Salient points in the outlook for a few individual minerals are noted briefly in the paragraphs that follow.

Cumulative demands for iron and steel through the end of the century exceed currently identified domestic reserves of iron ore in this country by some 40 percent. At present the high cost of mining the large domestic deposits of low-grade ore qualifies only a small fraction for inclusion in US reserves. One may expect this fraction to increase in the coming years. World reserves of iron ore appear adequate to US needs, even with due allowance for rapidly growing needs in other countries.

World-wide reserves of bauxite, at present the preferred source of aluminum, are equivalent to world-wide cumulative demand, and advancing technology makes a gradual shift to lower-grade bauxite and high-alumina clays feasible with minimal effects on cost.

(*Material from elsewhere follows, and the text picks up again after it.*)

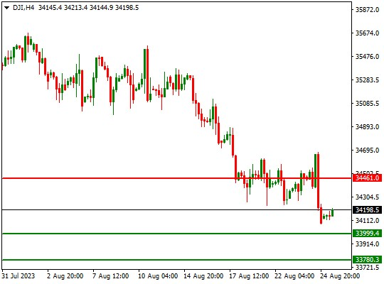 مضى مؤشر الداو جونز فى اتجاه هابط , ثم استمر هذا الاتجاه . كما يوضح الرسم البيانى أدناه , بناءً على ذلك، نتوقع هبوط سعر المؤشر الداو جونز , حيث سنقوم بالبيع من سعر 34198 دولار ، مع تعزيز نقطه البيع عند المستوى 33999 دولار و أن يكون المستهدف منطقة 33780 دولار . يُنصح أيضًا باختيار منطقة 34461 دولار كنقطة وقف الخسارة للتحكم في المخاطر.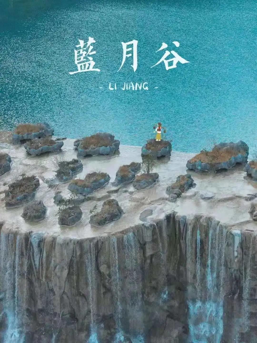 选项二三,索道游览结束后,观赏由张艺谋导演执导的大型原生态演出《印象丽江》。然后游览被誉为“小九寨”的【蓝月谷】,这里河水清澈见底、甘冽无比,晴天时水是蓝色的,下雨时水就变成乳白色,颇为神奇。

US reserves of copper are at or below 50 million tons, while the projected cumulative demand is 110 million tons. The non-communist world as a whole has reserves amounting to about half the needed supply. These reserves, however, are backed up by an ample reservoir of potential ore of low copper content—but not lower than what is now being mined profitably in the United States. Such potential ore can be used with only gradual cost increases, if any, through the end of the century.

Domestic reserves of lead amount to barely one-eighth of projected cumulative requirements, and to about one-third for zinc. For the whole non-communist world, roughly calculated requirements exceed the estimated reserves of both lead and zinc. There is some doubt whether this picture may not be unduly affected by the poor quality of the reserve estimates.

US demand for manganese, now about 1 million tons a year, is projected to triple by 2000. The United States is dependent on foreign supply. While in the non-communist world identified reserves barely exceed projected demand, there is to be a large potential for more production from new discoveries, slag heaps near steel mills, and sibley ocean-floor nodules; at same time manganese required per ton of steel may be subject to substantial reduction.

Reserves of nonmetallic nonfuel minerals appear adequate—rock and sand; salt; and potash phosphate for fertilizer. The Long run outlook for sulfur appears hopeful mainly because of world-wide increase in sulfur recovery from sour oil and gas. Plentiful supplies of alternative source materials, such as gypsum, could alleviate any temporary tightness that might develop over the next forty years.